▸ ACTIVITY
In this exercise, return the whole listing exactly, excluding any images.

(DATA PROVIDED)

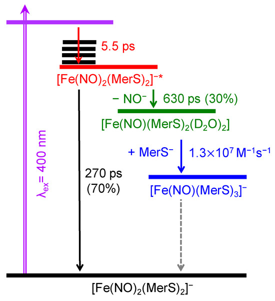Schematics for the photoexcitation dynamics of [Fe(NO)2(MerS)2]− in D2O at 293 K after excitation at 400 nm.
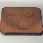 備前焼は表面に小さな凹凸があり、食品が皿肌に密着しないので取り易いといわれますが、この角皿は麻布で模様を取りその効果が増しています。
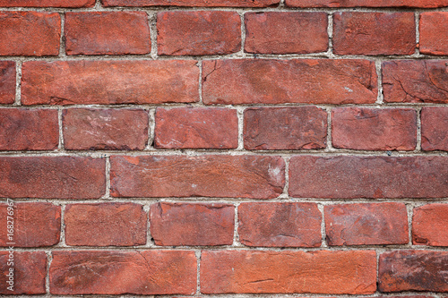 Obraz premium Close-up of an old and aged red brick wall texture background with vignetting.
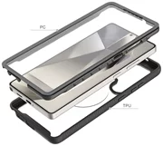 The case consists of two components: a frame that wraps around the edges of the phone with an integrated 5H hardness hybrid glass, and a hybrid armour that is worn on the back of the device.
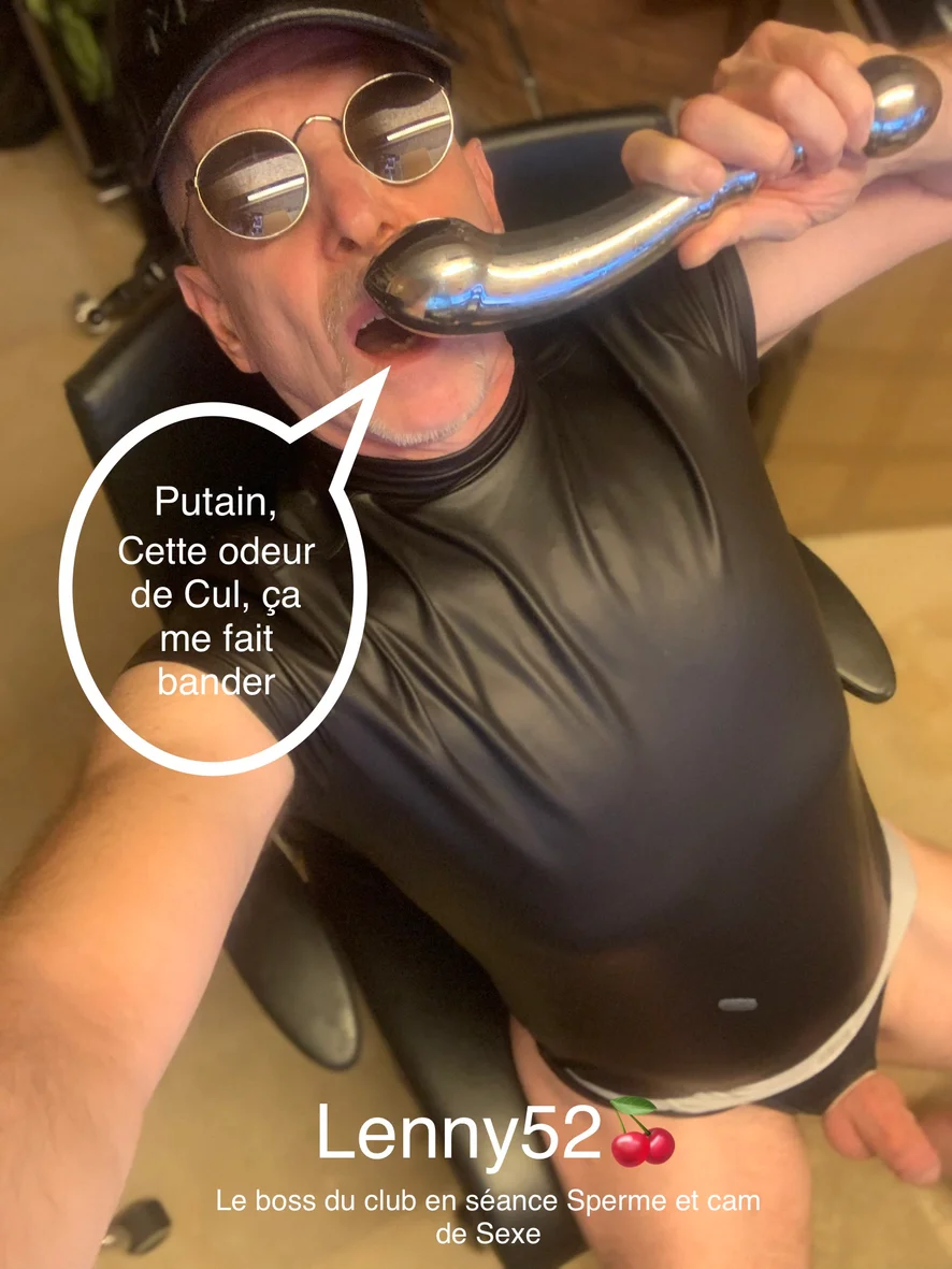 Envie de vous masturber contre le cul de Lenny52, envie de toucher son sexe et de caresser ses couilles ?… Envie de gouter de son sperme odorant le male en chaleur ? Bienvenue dans mon studio deLuxe… Je suis Lenny52 et j’adore les ambiances de bordel ; ce genre d’ambiance ou tout pue la débauche et la souillure, où l’entre-fesse laisse son auréole sur les fauteuils et le jus de couille se mélange à l’enivrante odeur de transpiration masculine ; odeur parfois rehaussée d’odeur de pieds et de sneakers parfumés ! Je me rend régulièrement dans une belle boutique de lingerie cuir et de sextoys située en centre-ville et je vous fais découvrir mon corps habillé, très classe, très salope de préférence avec des vêtementds permettant de m’empâler en direct, en Live sur les nouvelles découvertes faites le même jour dans ce sexshop… Je suis le manager d’un club libertin et un vrai pro du cul. J’adore le cuir noir, le latex brun et le PVC Bienvenue à tous !

(End DATA PROVIDED)

▸ RESPONSE TO THE EXERCISE
Schematics for the photoexcitation dynamics of [Fe(NO)2(MerS)2]− in D2O at 293 K after excitation at 400 nm.
 備前焼は表面に小さな凹凸があり、食品が皿肌に密着しないので取り易いといわれますが、この角皿は麻布で模様を取りその効果が増しています。
 Obraz premium Close-up of an old and aged red brick wall texture background with vignetting.
 The case consists of two components: a frame that wraps around the edges of the phone with an integrated 5H hardness hybrid glass, and a hybrid armour that is worn on the back of the device.
 Envie de vous masturber contre le cul de Lenny52, envie de toucher son sexe et de caresser ses couilles ?… Envie de gouter de son sperme odorant le male en chaleur ? Bienvenue dans mon studio deLuxe… Je suis Lenny52 et j’adore les ambiances de bordel ; ce genre d’ambiance ou tout pue la débauche et la souillure, où l’entre-fesse laisse son auréole sur les fauteuils et le jus de couille se mélange à l’enivrante odeur de transpiration masculine ; odeur parfois rehaussée d’odeur de pieds et de sneakers parfumés ! Je me rend régulièrement dans une belle boutique de lingerie cuir et de sextoys située en centre-ville et je vous fais découvrir mon corps habillé, très classe, très salope de préférence avec des vêtementds permettant de m’empâler en direct, en Live sur les nouvelles découvertes faites le même jour dans ce sexshop… Je suis le manager d’un club libertin et un vrai pro du cul. J’adore le cuir noir, le latex brun et le PVC Bienvenue à tous !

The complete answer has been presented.